Circle 7  – Shawn Dinero (reviewed by Dave Franklin)

Knowing how to grab the listener’s attention right from the off is a skill in its own right. Most try to do it through a swift musical punch, Shawn Dinero instead choses to kick things off with a fairly uncomfortable soundbite from True Romance. But it isn’t just an excuse to get the N word in early, to be controversial; discussing, as the characters in the film are doing, Moorish heritage and cultural impact, is a great way of  establishing an underlaying theme of the album. Circle 7 is also the name of the Moorish Science Temple of America’s holy book and this album takes many of the same themes and weaves them through cutting edge Hip-Hop and underground Rap.

And right from the word go there is something very unique about the music. It may be front loaded with the sort of lyrics and beats that such genres have called their own since it moved out of South Bronx youth centres and into the wider world but there is also an intricate network of arabesque musical blends, intricate exotic textures, and deft and sumptuous sonic layering. The perfect blend of east and west, orient and occident.

But although such unique musical  motifs are the most obvious early musical reference, it is far from the only one. Melting Pot is shot through with wandering chamber pop flourishes and fluttering incidental music, Broken Heart balances the straighter rap deliveries with 60s infused soul and King of the North juggles everything from renaissance keyboard sounds to futuristic electronica, skittering beats to brooding bass lines.

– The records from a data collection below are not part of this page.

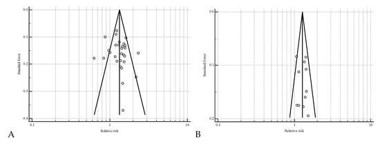 - Higgins, J.P.T.; Thompson, S.G.; Deeks, J.J.; Altman, D.G. Measuring inconsistency in meta-analyses. BMJ 2003, 327, 557–560. [Google Scholar] [CrossRef]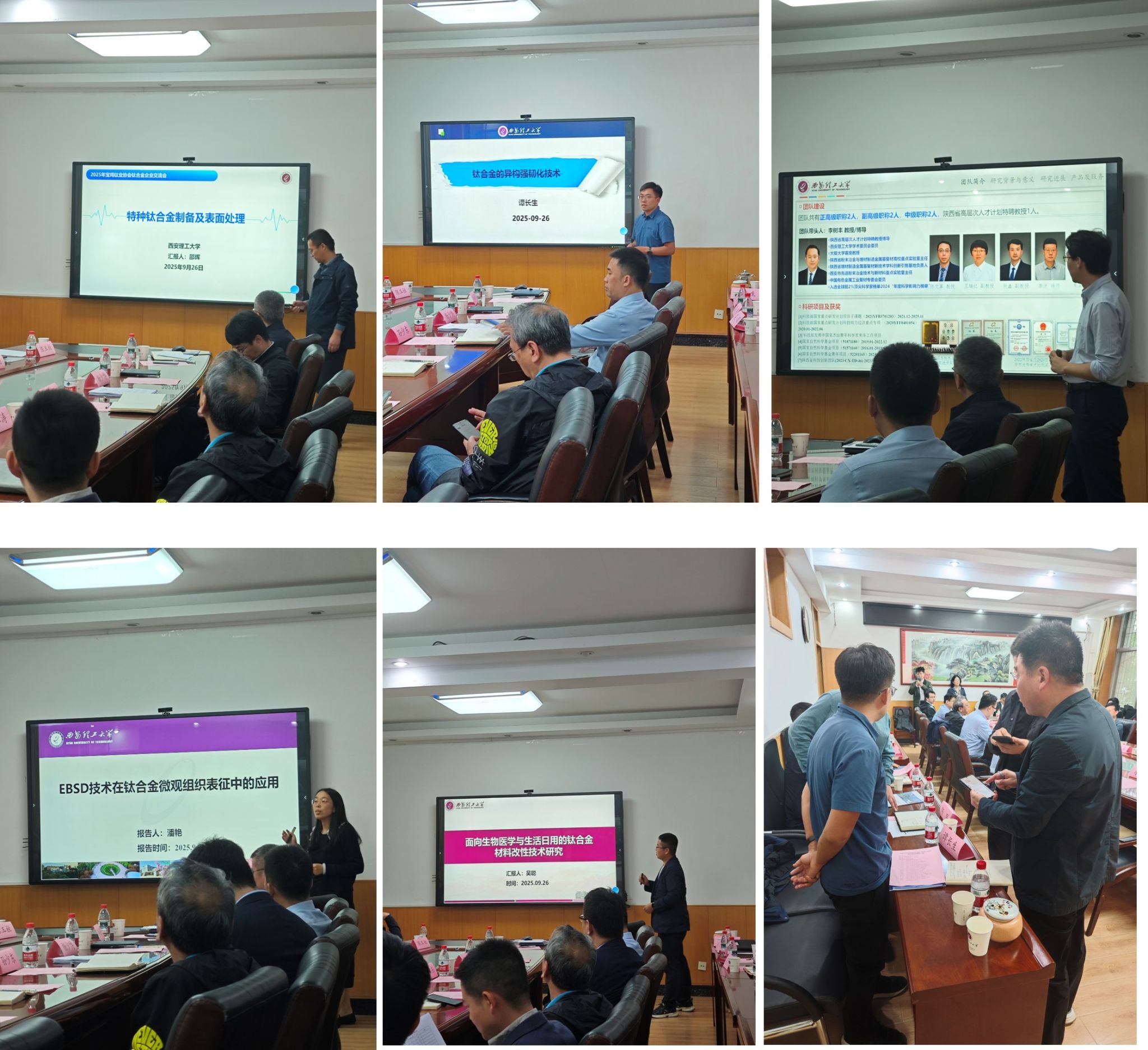 2025年9月26日下午,宝鸡市科技企业协会钛产业专业委员会成员:陕西四维衡器科技有限公司董事长、宝鸡市科技企业协会理事长王建军,宝鸡市广环机床有限责任公司董事长、宝鸡市科技企业协会党支部书记兼副秘书长宋广维,宝鸡钛戈金属科技股份有限公司董事长、宝鸡市科技企业协会钛产业专委会秘书长王龙刚,宝鸡市科技企业协会顾问洪瑛,宝鸡市科技企业协会副秘书长李红梅,宝鸡市六维特种材料设备制造有限公司董事长、宝鸡市科技企业协会副理事长、钛产业专委会主任寇明虎等一行18人,来访材料科学与工程学院,双方就“产学研合作”召开研讨会。本次研讨会以“产学研协同赋能钛产业高质量发展”为主题,旨在搭建企业需求与材料学院科研的对接桥梁,破解企业在钛材料研发、工艺升级、人才培养等领域的痛点问题,为“中国钛谷”宝鸡的产业升级注入新动能。材料科学与工程学院党委书记邹军涛,材料科学与工程学院党委副书记杨少博,材料科学与工程学院副院长孙少东、杨卿、李福平,院长助理贾磊,以及学院从事钛合金材料、热处理工艺、表面工程研究的6位老师(陈文革、邵晖、谭长生、潘艳、吴聪、张鑫)共同参加交流座谈。会议由孙少东副院长主持。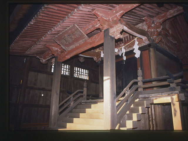 赤山陣屋の一角に祀られ、赤山陣屋敷絵図面にも記されています。創建年代については明らかではありません。「新編武蔵風土記稿」によると、江戸時代には村の鎮守と記されていました。同社内に八幡社、天神社も存在しています。当社殿は、江戸時代の覆屋に納められ、全体的に保存状態は良好です。形式は、本格的な一間社流造りで、形式から禅宗様の特徴がうかがわれ、江戸時代初期の当地方における神社建築様式を知るうえで貴重です。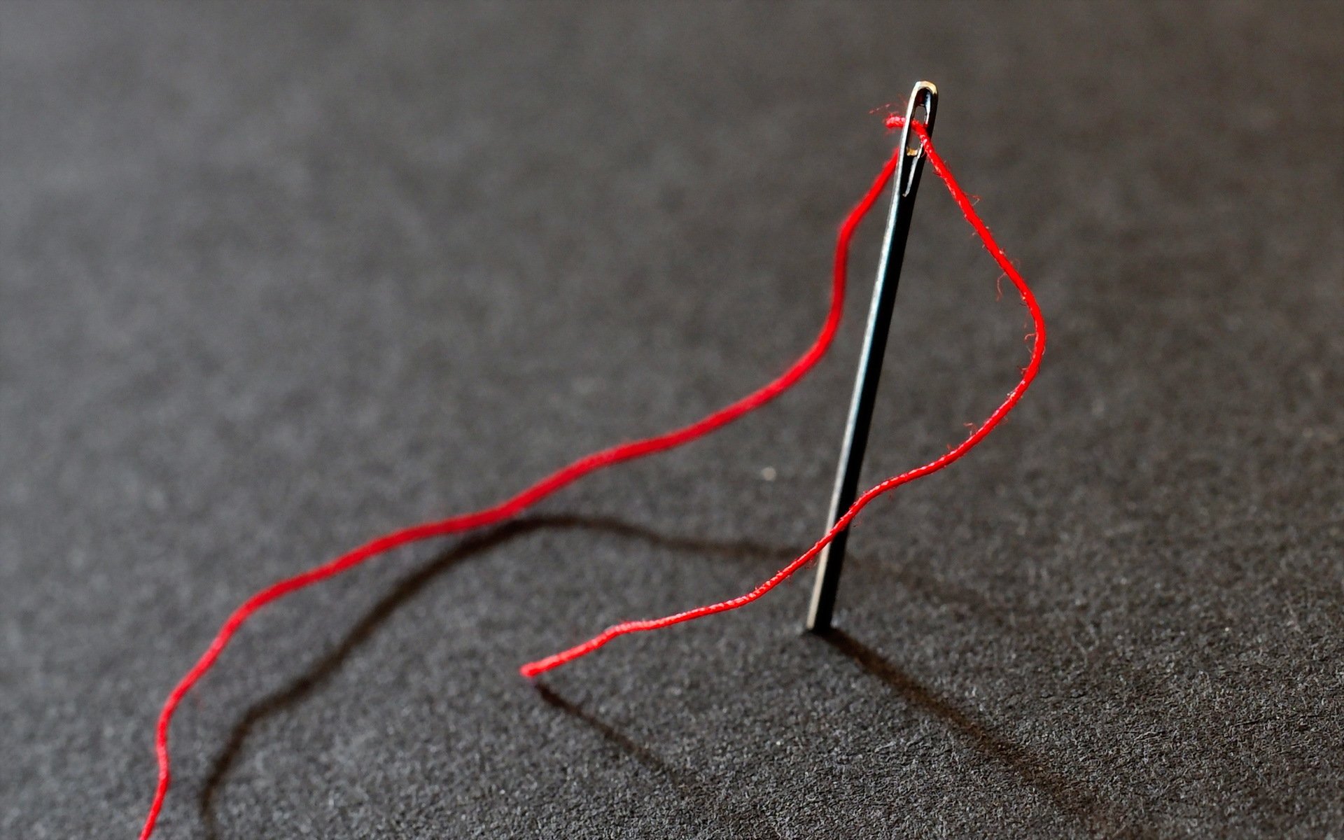 Fille aux cheveux rouges attachée avec un fil rougeFille aux cheveux rouges attachée avec un fil rouge

Rap and Hip-Hop has always been as much about the message as the music and Circle 7 is as astute slice of social commentary as you will find in this or any other genre. Supreme Rhyme Mathematic is a from the heart reflection on the streets that the artist comes from and the possibility of using music to rise above its daily grind and dangers. A familiar theme perhaps but there is something honest here about the the way that the subject is dealt with. Liberation is a call to arms, or at least a call to awareness, an anthemic reminder that you can destroy the revolutionary or freedom fighter but not the revolution or the fight for freedom using rebellious rap and political soundbites.

Hip-Hop and the Rap scene that it spawned has, in many people’s eyes, veered too far from the cultish and the underground and made its home in more commercial realms. And whilst there is nothing wrong with using such a path to seek a better life, to become successful, that path all too often requires the artist to compromise their style, their beliefs, their message and play by the music industry rules. What we have in Circle 7 and Shawn Dinero is an album and an artist who makes music capable of reaching out to a wider audience, to break out of the underground, but do so without watering down the message. And that is what is known as integrity.